» **BRIEF**:
Your response should be the complete set of records, reproduced exactly.

*** DATA PROVIDED Section Begins ***

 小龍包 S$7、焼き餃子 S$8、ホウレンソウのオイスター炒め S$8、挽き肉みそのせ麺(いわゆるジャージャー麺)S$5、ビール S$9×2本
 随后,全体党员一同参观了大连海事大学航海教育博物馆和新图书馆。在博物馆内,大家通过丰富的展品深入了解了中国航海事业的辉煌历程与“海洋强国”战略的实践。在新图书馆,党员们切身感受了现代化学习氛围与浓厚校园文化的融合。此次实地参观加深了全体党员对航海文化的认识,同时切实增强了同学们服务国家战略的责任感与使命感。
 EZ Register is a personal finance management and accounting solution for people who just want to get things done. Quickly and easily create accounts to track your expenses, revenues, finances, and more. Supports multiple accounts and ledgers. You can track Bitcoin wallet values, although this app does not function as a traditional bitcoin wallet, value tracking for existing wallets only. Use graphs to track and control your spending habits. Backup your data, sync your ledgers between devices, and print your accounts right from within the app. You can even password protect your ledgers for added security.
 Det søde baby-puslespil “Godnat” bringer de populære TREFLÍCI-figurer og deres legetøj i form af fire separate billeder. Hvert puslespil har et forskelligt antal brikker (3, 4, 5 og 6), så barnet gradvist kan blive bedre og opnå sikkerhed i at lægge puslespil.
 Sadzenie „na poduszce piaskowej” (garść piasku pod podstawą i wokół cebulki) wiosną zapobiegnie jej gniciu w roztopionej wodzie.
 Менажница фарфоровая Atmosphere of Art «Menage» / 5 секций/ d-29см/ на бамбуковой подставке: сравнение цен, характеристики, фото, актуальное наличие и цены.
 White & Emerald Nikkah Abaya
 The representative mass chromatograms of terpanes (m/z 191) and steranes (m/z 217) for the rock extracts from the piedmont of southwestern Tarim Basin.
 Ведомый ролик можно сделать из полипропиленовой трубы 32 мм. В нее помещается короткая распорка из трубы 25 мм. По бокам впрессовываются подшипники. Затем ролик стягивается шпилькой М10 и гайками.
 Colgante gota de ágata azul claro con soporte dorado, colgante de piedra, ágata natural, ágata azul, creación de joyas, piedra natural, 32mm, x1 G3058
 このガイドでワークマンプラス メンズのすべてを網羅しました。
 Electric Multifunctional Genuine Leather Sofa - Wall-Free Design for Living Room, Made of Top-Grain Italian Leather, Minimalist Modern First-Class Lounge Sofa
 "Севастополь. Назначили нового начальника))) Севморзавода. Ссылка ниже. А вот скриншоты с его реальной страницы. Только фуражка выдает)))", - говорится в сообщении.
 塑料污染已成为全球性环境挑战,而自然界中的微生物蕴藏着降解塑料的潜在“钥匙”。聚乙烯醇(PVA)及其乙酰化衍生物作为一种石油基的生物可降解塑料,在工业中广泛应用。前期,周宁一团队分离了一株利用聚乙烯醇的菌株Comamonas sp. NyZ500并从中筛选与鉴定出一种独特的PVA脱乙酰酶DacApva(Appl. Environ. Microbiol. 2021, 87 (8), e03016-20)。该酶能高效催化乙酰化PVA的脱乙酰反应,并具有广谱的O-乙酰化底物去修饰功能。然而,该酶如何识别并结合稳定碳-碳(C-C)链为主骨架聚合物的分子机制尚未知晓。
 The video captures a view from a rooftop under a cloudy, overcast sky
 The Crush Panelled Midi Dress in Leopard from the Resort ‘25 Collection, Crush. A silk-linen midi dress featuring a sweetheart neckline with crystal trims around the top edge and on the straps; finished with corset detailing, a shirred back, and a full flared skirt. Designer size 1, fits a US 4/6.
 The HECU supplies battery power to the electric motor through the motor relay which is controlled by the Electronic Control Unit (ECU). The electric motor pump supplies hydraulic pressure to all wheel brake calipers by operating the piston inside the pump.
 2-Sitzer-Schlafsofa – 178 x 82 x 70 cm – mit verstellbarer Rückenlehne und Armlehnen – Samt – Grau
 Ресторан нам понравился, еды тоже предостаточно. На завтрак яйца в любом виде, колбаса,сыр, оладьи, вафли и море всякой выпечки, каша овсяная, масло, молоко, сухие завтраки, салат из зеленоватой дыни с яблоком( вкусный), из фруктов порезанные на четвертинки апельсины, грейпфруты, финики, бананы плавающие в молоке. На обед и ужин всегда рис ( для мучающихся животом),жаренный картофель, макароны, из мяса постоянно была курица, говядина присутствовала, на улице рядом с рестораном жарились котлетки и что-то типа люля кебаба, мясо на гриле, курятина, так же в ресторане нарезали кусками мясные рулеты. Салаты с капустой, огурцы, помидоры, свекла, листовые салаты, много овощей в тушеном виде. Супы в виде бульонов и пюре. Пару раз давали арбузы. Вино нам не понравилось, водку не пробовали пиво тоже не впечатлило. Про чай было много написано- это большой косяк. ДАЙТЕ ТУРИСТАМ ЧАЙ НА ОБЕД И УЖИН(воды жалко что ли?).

*** DATA PROVIDED Section Ends ***

» **TASK RESULT**:
 小龍包 S$7、焼き餃子 S$8、ホウレンソウのオイスター炒め S$8、挽き肉みそのせ麺(いわゆるジャージャー麺)S$5、ビール S$9×2本
 随后,全体党员一同参观了大连海事大学航海教育博物馆和新图书馆。在博物馆内,大家通过丰富的展品深入了解了中国航海事业的辉煌历程与“海洋强国”战略的实践。在新图书馆,党员们切身感受了现代化学习氛围与浓厚校园文化的融合。此次实地参观加深了全体党员对航海文化的认识,同时切实增强了同学们服务国家战略的责任感与使命感。
 EZ Register is a personal finance management and accounting solution for people who just want to get things done. Quickly and easily create accounts to track your expenses, revenues, finances, and more. Supports multiple accounts and ledgers. You can track Bitcoin wallet values, although this app does not function as a traditional bitcoin wallet, value tracking for existing wallets only. Use graphs to track and control your spending habits. Backup your data, sync your ledgers between devices, and print your accounts right from within the app. You can even password protect your ledgers for added security.
 Det søde baby-puslespil “Godnat” bringer de populære TREFLÍCI-figurer og deres legetøj i form af fire separate billeder. Hvert puslespil har et forskelligt antal brikker (3, 4, 5 og 6), så barnet gradvist kan blive bedre og opnå sikkerhed i at lægge puslespil.
 Sadzenie „na poduszce piaskowej” (garść piasku pod podstawą i wokół cebulki) wiosną zapobiegnie jej gniciu w roztopionej wodzie.
 Менажница фарфоровая Atmosphere of Art «Menage» / 5 секций/ d-29см/ на бамбуковой подставке: сравнение цен, характеристики, фото, актуальное наличие и цены.
 White & Emerald Nikkah Abaya
 The representative mass chromatograms of terpanes (m/z 191) and steranes (m/z 217) for the rock extracts from the piedmont of southwestern Tarim Basin.
 Ведомый ролик можно сделать из полипропиленовой трубы 32 мм. В нее помещается короткая распорка из трубы 25 мм. По бокам впрессовываются подшипники. Затем ролик стягивается шпилькой М10 и гайками.
 Colgante gota de ágata azul claro con soporte dorado, colgante de piedra, ágata natural, ágata azul, creación de joyas, piedra natural, 32mm, x1 G3058
 このガイドでワークマンプラス メンズのすべてを網羅しました。
 Electric Multifunctional Genuine Leather Sofa - Wall-Free Design for Living Room, Made of Top-Grain Italian Leather, Minimalist Modern First-Class Lounge Sofa
 "Севастополь. Назначили нового начальника))) Севморзавода. Ссылка ниже. А вот скриншоты с его реальной страницы. Только фуражка выдает)))", - говорится в сообщении.
 塑料污染已成为全球性环境挑战,而自然界中的微生物蕴藏着降解塑料的潜在“钥匙”。聚乙烯醇(PVA)及其乙酰化衍生物作为一种石油基的生物可降解塑料,在工业中广泛应用。前期,周宁一团队分离了一株利用聚乙烯醇的菌株Comamonas sp. NyZ500并从中筛选与鉴定出一种独特的PVA脱乙酰酶DacApva(Appl. Environ. Microbiol. 2021, 87 (8), e03016-20)。该酶能高效催化乙酰化PVA的脱乙酰反应,并具有广谱的O-乙酰化底物去修饰功能。然而,该酶如何识别并结合稳定碳-碳(C-C)链为主骨架聚合物的分子机制尚未知晓。
 The video captures a view from a rooftop under a cloudy, overcast sky
 The Crush Panelled Midi Dress in Leopard from the Resort ‘25 Collection, Crush. A silk-linen midi dress featuring a sweetheart neckline with crystal trims around the top edge and on the straps; finished with corset detailing, a shirred back, and a full flared skirt. Designer size 1, fits a US 4/6.
 The HECU supplies battery power to the electric motor through the motor relay which is controlled by the Electronic Control Unit (ECU). The electric motor pump supplies hydraulic pressure to all wheel brake calipers by operating the piston inside the pump.
 2-Sitzer-Schlafsofa – 178 x 82 x 70 cm – mit verstellbarer Rückenlehne und Armlehnen – Samt – Grau
 Ресторан нам понравился, еды тоже предостаточно. На завтрак яйца в любом виде, колбаса,сыр, оладьи, вафли и море всякой выпечки, каша овсяная, масло, молоко, сухие завтраки, салат из зеленоватой дыни с яблоком( вкусный), из фруктов порезанные на четвертинки апельсины, грейпфруты, финики, бананы плавающие в молоке. На обед и ужин всегда рис ( для мучающихся животом),жаренный картофель, макароны, из мяса постоянно была курица, говядина присутствовала, на улице рядом с рестораном жарились котлетки и что-то типа люля кебаба, мясо на гриле, курятина, так же в ресторане нарезали кусками мясные рулеты. Салаты с капустой, огурцы, помидоры, свекла, листовые салаты, много овощей в тушеном виде. Супы в виде бульонов и пюре. Пару раз давали арбузы. Вино нам не понравилось, водку не пробовали пиво тоже не впечатлило. Про чай было много написано- это большой косяк. ДАЙТЕ ТУРИСТАМ ЧАЙ НА ОБЕД И УЖИН(воды жалко что ли?).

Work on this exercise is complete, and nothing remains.